Perdarahan akibat sisa plasenta jarang menimbulkan syok.
Salah satu upaya menanggulangi perdarahan pasca persalinan oleh karena kesalahan
penanganan kala uri dilakukan dengan pemberian uterotonika profilaksis. Uterotonika
29
profilaksis yang dapat diberikan adalah oksitosin, ergometrin, dan kombinasi oksitosin dan
ergometrin, disertai penjepitan tali pusat segera, dan melahirkan plasenta dengan traksi
terkontrol. Permasalahannya adalah penentuan jenis, dosis, dan saat pemberian uterotonika
profilaksis.

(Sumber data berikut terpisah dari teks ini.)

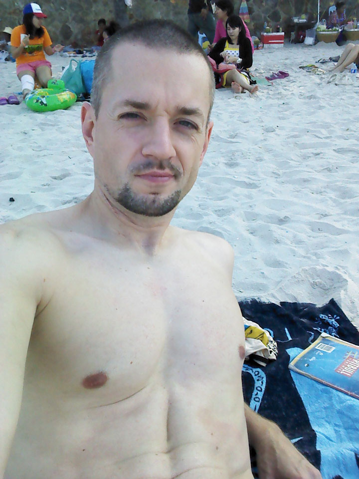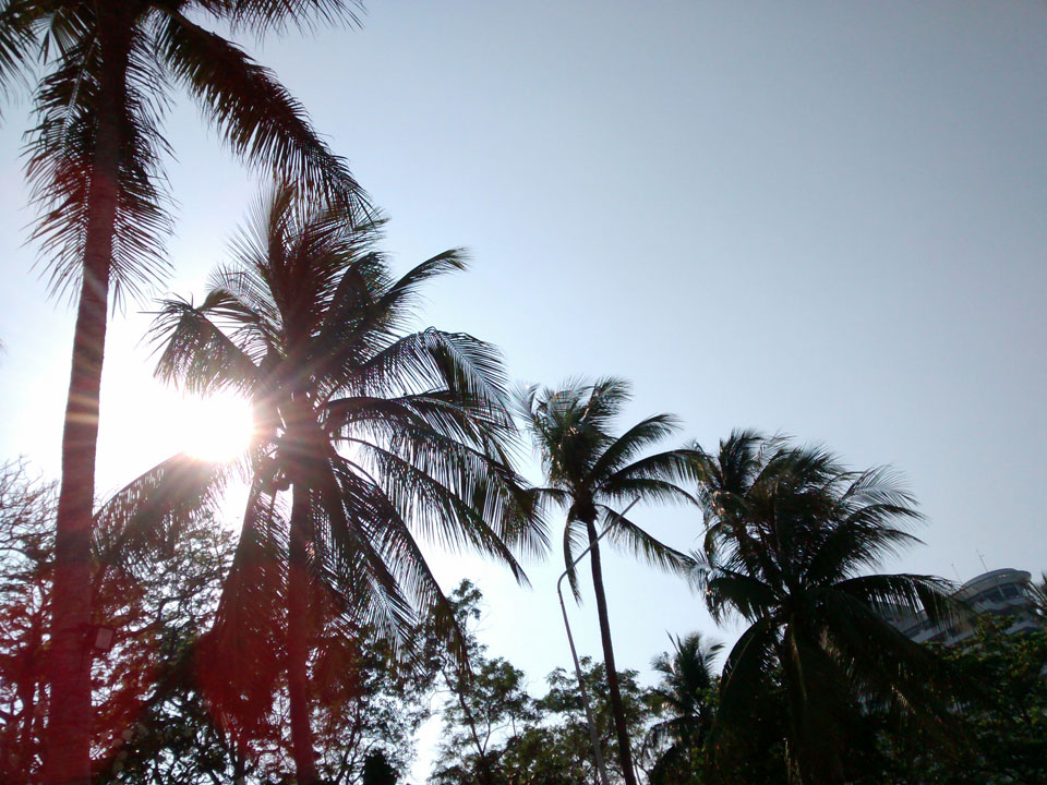 Nachmittags ging’s an den Strand. Mein Instant-Kaffee vom 7-11 hatte gleich zwei Tüten drin, war aber bei dem Glück sehr undicht. So schwappte das Zeug herum auf dem Weg zum Strand.

Untuk mengetahui hal-ha1 tersebut, diperlukan suatu penelitian yang
membandingkan kemampuan efektivitas uterotonika profilaksis.
Komplikasi dari perdarahan postpartum termasuk hipotensi ortostatik, anemia, dan kelelahan,
yang dapat membuat perawatan ibu yang baru melahirkan menjadi lebih sulit. Dalam
kebanyakan kasus yang parah, syok hemoragik dapat mengakibatkan iskemia hipofisis
anterior dengan keterlambatan atau kegagalan laktasi (postpartum pituitari nekrosis). Selain
itu, dapat pula terjadi iskemik miokard, koagulopati atau kematian.
30
DAFTAR PUSTAKA
1. Cunningham FG, Gant NF, Leveno KJ, Gillstrapp III LC, Hanth JC, Wenstrom KD.
William Obstetrics. 22nd ed. New York: Mc Graw Hill; 2005.
2. Prawirohardjo, Sarwono. Ilmu Kebidanan. 2nd ed. Jakarta: Yayasan Bina Pustaka
Sarwono Prawirohardjo; 2005.
3. Wiknjosastro H, Saifuddin AB, Rachimhadi T. Perdarahan Post Partum. Dalam: Ilmu
Bedah Kebidanan. Edisi 3. Jakarta: YBP-SP; 2002.